Work to complete:
No pictures belong in the copy. Retype exactly, and only, the stretch of lines below from the one with "16,15 | 15,15 |" through the one with "[9] Go through".

[[ Material supplied open ]]

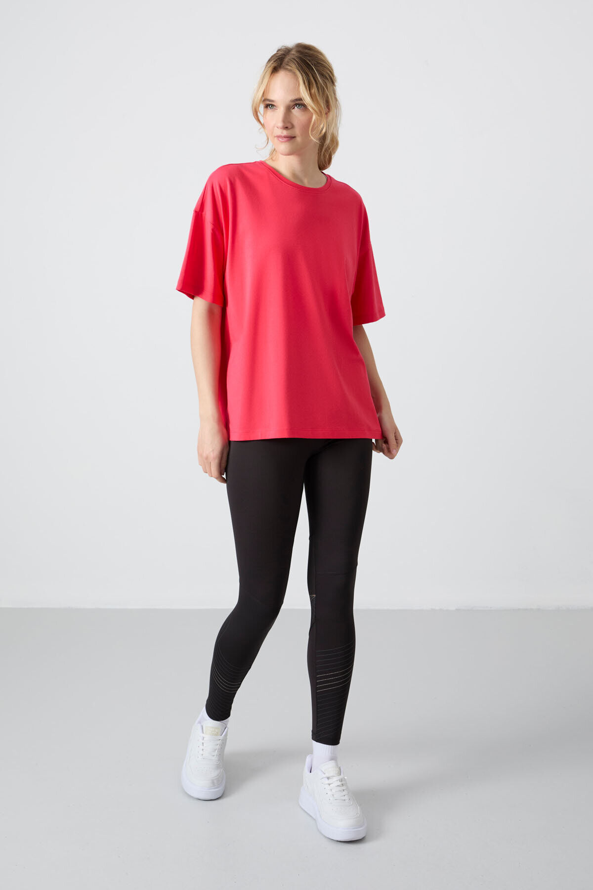 TommyLife Oversize Fit Basic O Yaka 3lü Paket Siyah-Beyaz-Rose Kadın T-Shirt 97285
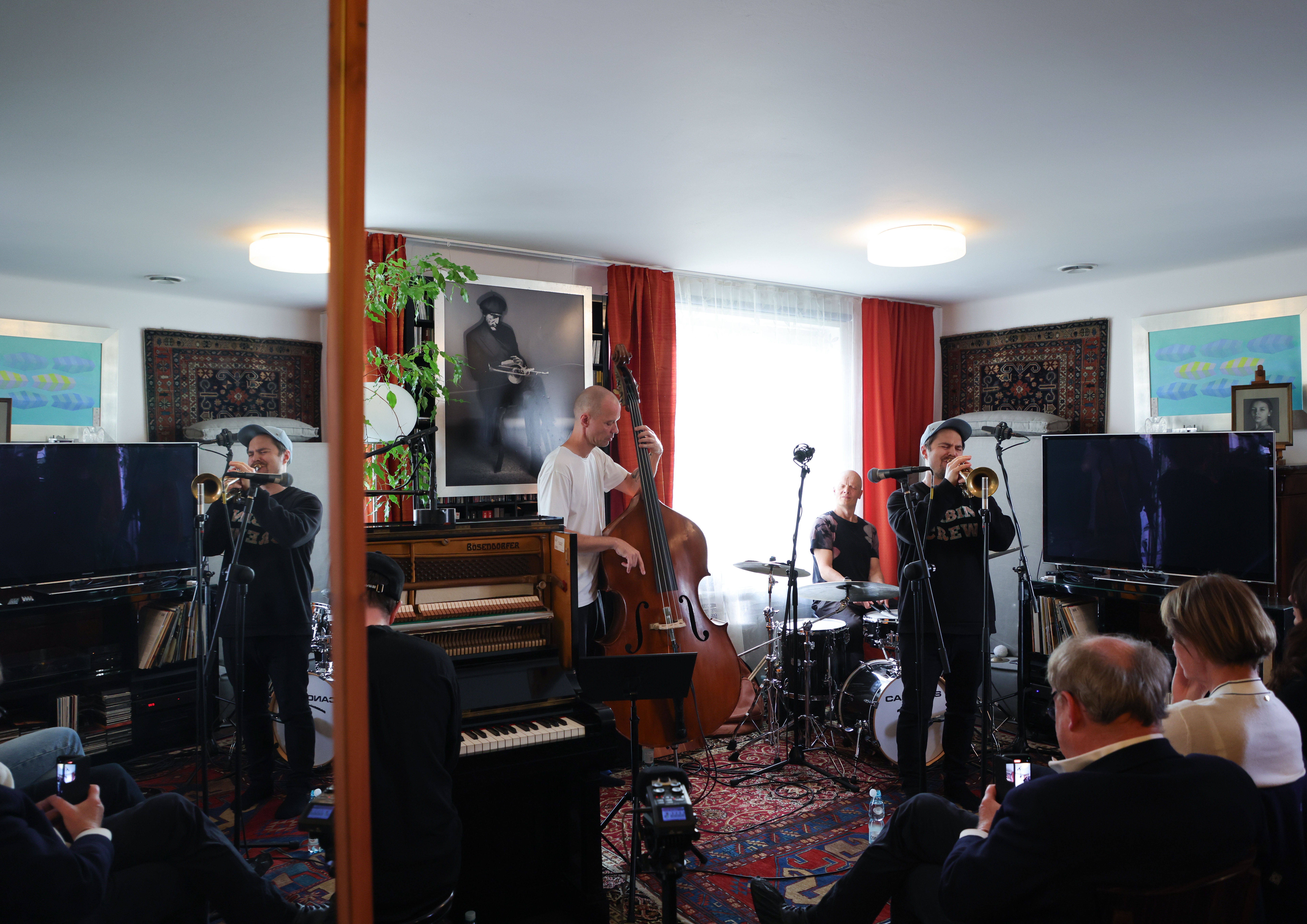 Mieszkanie Tomasza Stańko, w którym odbył się koncert, to miejsce niezwykłe – pełne roślin, antycznych dywanów, art deco i wspomnień. Zachowało ducha artysty i jego twórczej wolności. – Mieszkanie taty to przestrzeń pełna magii i historii – zarówno tej wielkiej, jak i zupełnie osobistej. Znajduje się tuż przy Skwerze jego imienia, który powstał na terenie dawnego ogródka jordanowskiego, gdzie chodziłam do zerówki i mieszkałam z tatą oraz babcią. To miejsce wróciło do miasta po latach, a teraz staje się naturalnym przedłużeniem mieszkania, w którym Stańko spędził dekady – opowiadała Anna Stańko, córka artysty i prezeska Fundacji Tomasza Stańko.
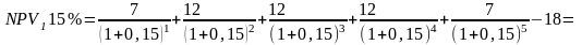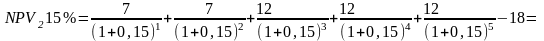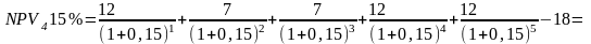 | NPV, 15% | 16,15 | 14,1 | 16,15 | 15,15 |
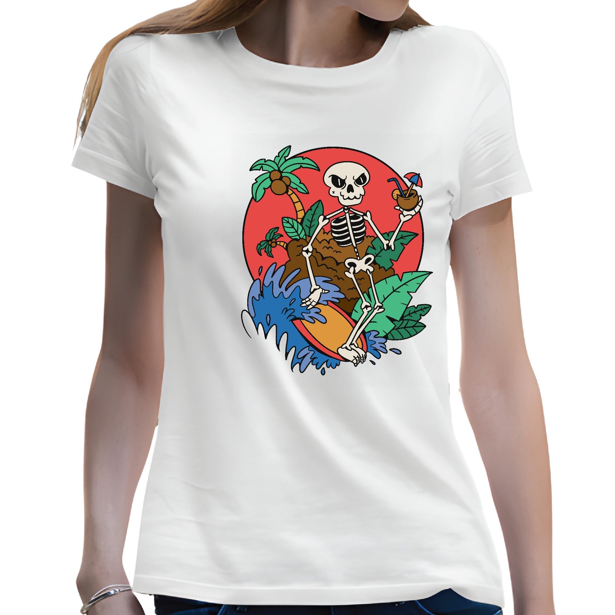 Skeleton Surfing Gift Ideas for Surfers and Beach Lovers Men Women White Gray Multicolor T shirt
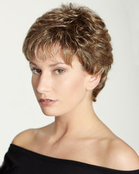 Face the day with a fresh, new perspective when you wear Rene wig. The piecey short layers create a full-bodied top, while the fringed bang sweetens things up. Front and sides are hand-tied, Super soft velvet front provides comfort but also gives a soft feel without irritation, All Special fiber Kanekalon and thin wefting provides a lightweight feel.
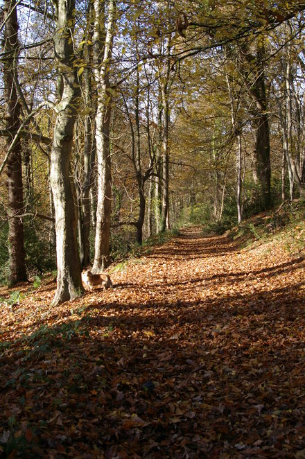 [9] Go through the gate. then go straight ahead through the wood down through the avenue of the trees until you encounter a broad track (Offa’s Dyke Path) that you went down on the outward leg of the walk in step 1. Turn right to return to the start of the walk passing the Janus horse sculpture and the ruins of the grandstand.
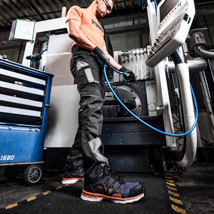 Calzado de seguridad tipo choclo con puntera de protección (PP) de fibra de vidrio. Ofrece un estilo deportivo, fabricado con materiales de última generación, una malla polimérica con alta resistencia a la abrasión. Su suela de doble densidad es antiderrapante y soporta altas temperaturas (300°C). Atributos: Su puntera de protección está diseñada para dar más espacio a los dedos de los pies, es antimagnética y térmicamente aislante. Forro antibacterial y transpirable. Entre-suela con tecnología antifatiga, IMPULSE.FOAM que ofrece una amortiguación óptima.
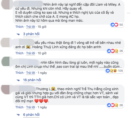 Thậm chí, rất nhiều người hâm mộ của cặp đôi vẫn nuôi hy vọng họ trở về bên nhau. "Thật sự mà nói thì Hoàng Thuỳ linh rất tuyệt. Cô gái kia có là siêu mẫu hay siêu gì cũng không bằng chị Linh.

[[ Material supplied closed ]]

Answer below:
 | NPV, 15% | 16,15 | 14,1 | 16,15 | 15,15 |
 Skeleton Surfing Gift Ideas for Surfers and Beach Lovers Men Women White Gray Multicolor T shirt
 Face the day with a fresh, new perspective when you wear Rene wig. The piecey short layers create a full-bodied top, while the fringed bang sweetens things up. Front and sides are hand-tied, Super soft velvet front provides comfort but also gives a soft feel without irritation, All Special fiber Kanekalon and thin wefting provides a lightweight feel.
 [9] Go through the gate. then go straight ahead through the wood down through the avenue of the trees until you encounter a broad track (Offa’s Dyke Path) that you went down on the outward leg of the walk in step 1. Turn right to return to the start of the walk passing the Janus horse sculpture and the ruins of the grandstand.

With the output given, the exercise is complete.